# Track Vs Treadmill in exercise test



## MartaGM (Dec 14, 2015)

Hello, I would like to know if you prefer to do an exercise test for sport horses in a grass or soil court or in treadmill?
I know that the option in treadmill is the most expensive but its answer is the most standard. Nevertheless the conditions in track are very similar to competition´s conditions. :gallop:

A lot of thanks. Yours sincerely


----------



## Jhon86 (Dec 17, 2015)

Dear Marta, it is a good topic and i am going to explain muy point of view. Firstly i will introduce mysefl: my name is Jhon, i am vet in Colorado(USE), i have been helping horses since 2009 when i finished University. As you know in Colorado we hace got a big natural desert, where you can see freedom horses whereever. In this place we can see strong horses. I dont know where you are training your horses, but i think you can use treadmill to impove itself.

If you need some information i can send you.

Be carefull


----------



## MartaGM (Dec 14, 2015)

Hello Jhon, thank you for your answer. I´ve some questions for you:
Is difficult for you collecting the samples? and how the samples can be influenced by ambiental conditions?


----------



## Darla75 (Dec 17, 2015)

Hi Jhon i think you have got strong horses but Marta need to see the samples in computer form example. Horses of the desert of Colorado will pass a good exercise test with high califications.


----------



## Darla75 (Dec 17, 2015)

MartaGM said:


> Hello Jhon, thank you for your answer. I´ve some questions for you:
> Is difficult for you collecting the samples? and how the samples can be influenced by ambiental conditions?
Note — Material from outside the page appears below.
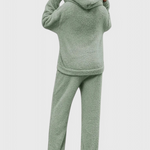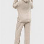 Billie élève la chaleur et la douceur à un tout autre niveau. Conçu pour les journées d'hiver confortables, cet ensemble en deux pièces en teddy comprend un sweat à capuche à coupe décontractée avec une grande poche kangourou et un pantalon en peluche assorti. Que vous soyez en train de vous détendre à la maison ou de rester au chaud lors des froides matinées, Mia vous enveloppe de confort sans compromettre le style.

Hi Marta it is imposible to collect samples in the desert withouth machines. In your case treadmill is a good idea.


----------



## Foxhunter (Feb 5, 2012)

There are all,sorts of modern methods for training horses and registering their fitness. Also many ways to get a horse fit. 
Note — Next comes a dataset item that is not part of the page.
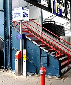 For passengers travelling to a point outside the Netherlands and have used OV-chipkaarts for the domestic leg of their journey, they should check out at the last station in the country for which they do not have a pre-purchased ticket for. Likewise, passengers entering the Netherlands and do not have a pre-purchased ticket for the entire domestic segment need to check in at the first station not covered by their ticket. The check ins and check outs can be done at the yellow poles on the platforms. This step is not necessary if a passenger's pre-purchased ticket covers their entire train journey.

I am old! I was taught to listen to the horse to assess how fit it was. To push a horse until it was breathing heavy and then slow the pace down, wait until the breathing had returned to near normal and push on again. 
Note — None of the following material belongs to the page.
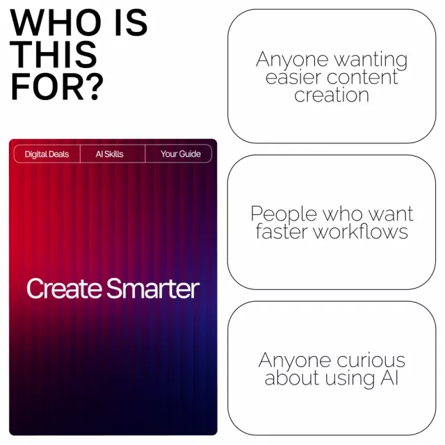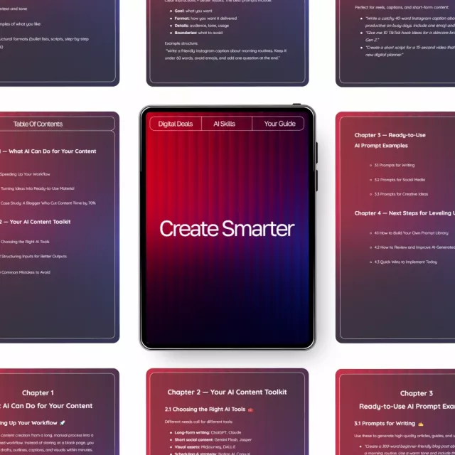 Unlock the true power of AI and transform the way you create. Create Smarter is a step-by-step digital guide designed to help you understand exactly how to use ai for content creation so you can produce high-quality work in a fraction of the time. Whether you’re a blogger, freelancer, business owner, or creative entrepreneur, this guide shows you how to turn AI into your most reliable content partner—no tech background required.

Later this was done on a clock, two minutes trotting, walk for one then three minutes trotting walk for one amd as the horse got fitter so the pace was increased and times lengthened with recovery times shortening. 
It was called Interval Training and became the rage. I continued with my way and my horses - Point to Pointers were as fit if not fitter than others.

Never used a treadmill for horses, good long steady exercise riding out and about, lots of up and down hills at various paces. All horses did a fair amount of road work to Baden their legs. 

Never really been into endurance, 25 miles is not difficult forms horse to do even one only 50% it can accomplish this at a steady pace. When it comes to long rides, 50+ miles then they do need to be 100% fit. 

I certainly would not want to consistently work on dirt as it is never consistent footing.


----------



## MartaGM (Dec 14, 2015)

Sorry, so if I understand you rigthly, you prefer training horses out of treadmill, better outdoor, isn´t it?


----------



## MartaGM (Dec 14, 2015)

Hi Darla, I think that it´s possible to collect samples outdoor, in desert or in another place, if you are desagree with me i would like to know the reasons why you believe it´s not possible.


----------



## Foxhunter (Feb 5, 2012)

Yes, I prefer to train horses outside on long rides.


----------



## MartaGM (Dec 14, 2015)

Sorry, perhaps I didn´t explain my question correctly.
I wanted to ask about EXERCISE TEST to evaluate the level of training as well as if your horse is in good condition.


----------



## Darla75 (Dec 17, 2015)

Firtly you need a computer where you control samples.
Secondly you can order the information better because you can decide where is the correcta información.

If you do the samples can you send me at my email? 

Thank you and good luck


----------



## phantomhorse13 (Feb 18, 2011)

MartaGM said:


> Hello, I would like to know if you prefer to do an exercise test for sport horses in a grass or soil court or in treadmill?
> I know that the option in treadmill is the most expensive but its answer is the most standard. Nevertheless the conditions in track are very similar to competition´s conditions.



Not sure how many people have access to a treadmill, so not a very practical way to test the fitness of your horse.

For me, I find checking heart rates (be that via stethoscope or heart rate monitor) is the most helpful. I have one particular climb that I use as my 'test track' and I know my horse is increasingly fit as the amount of time it takes the heart rate to recover afterwards drops.


[I do wonder if this entire thread, except for Foxhunter, is actually some sort of troll or bot convo.. totally odd.]


----------